*EXERCISE DESCRIPTION*: Reproduce only this stretch of the listing below: from the line with "整个11月,中山市商品房网签" through the line with "Die Spendeninitiative der", exactly as written, with pictures excluded.

*PROVIDED DATA*:

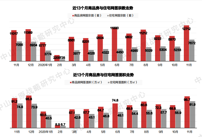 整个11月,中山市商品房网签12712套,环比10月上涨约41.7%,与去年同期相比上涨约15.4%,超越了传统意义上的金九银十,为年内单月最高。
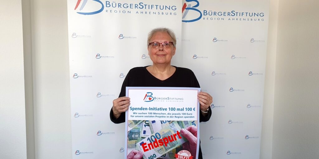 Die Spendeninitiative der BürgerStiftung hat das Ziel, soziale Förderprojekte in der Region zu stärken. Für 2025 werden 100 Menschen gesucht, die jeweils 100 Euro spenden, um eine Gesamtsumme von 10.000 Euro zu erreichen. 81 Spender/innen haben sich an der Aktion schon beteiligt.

* * *

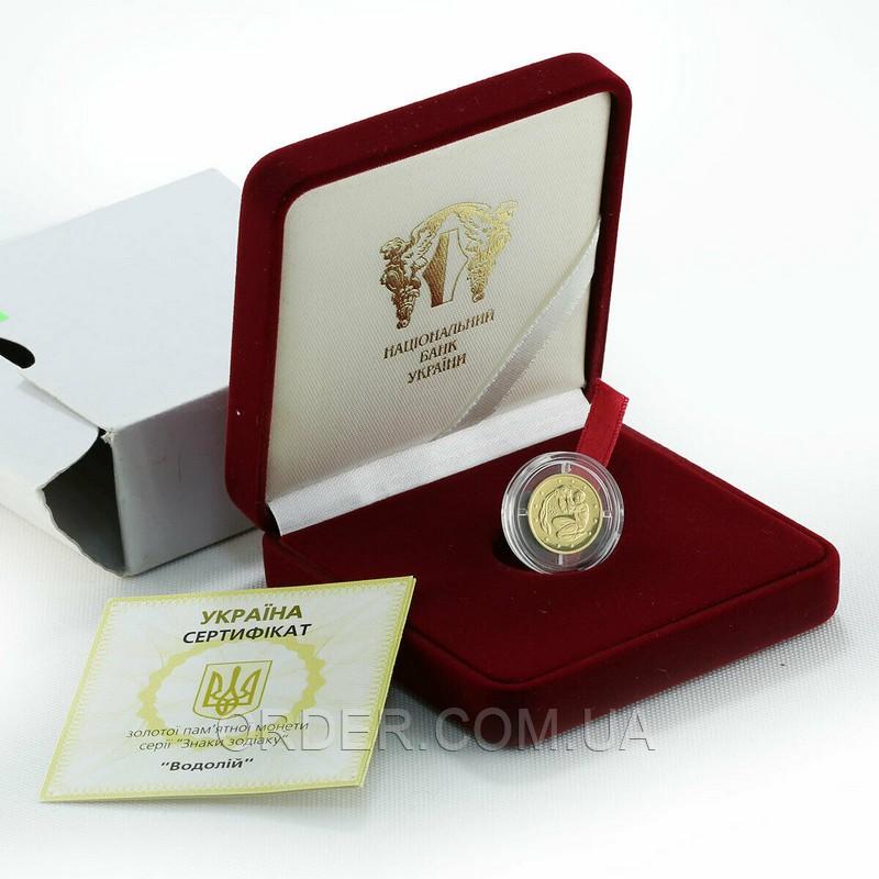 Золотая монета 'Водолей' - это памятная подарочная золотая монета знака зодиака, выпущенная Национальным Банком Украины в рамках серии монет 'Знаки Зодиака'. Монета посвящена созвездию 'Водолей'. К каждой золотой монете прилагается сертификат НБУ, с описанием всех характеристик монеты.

*FINISHED TASK*:
 整个11月,中山市商品房网签12712套,环比10月上涨约41.7%,与去年同期相比上涨约15.4%,超越了传统意义上的金九银十,为年内单月最高。
 Die Spendeninitiative der BürgerStiftung hat das Ziel, soziale Förderprojekte in der Region zu stärken. Für 2025 werden 100 Menschen gesucht, die jeweils 100 Euro spenden, um eine Gesamtsumme von 10.000 Euro zu erreichen. 81 Spender/innen haben sich an der Aktion schon beteiligt.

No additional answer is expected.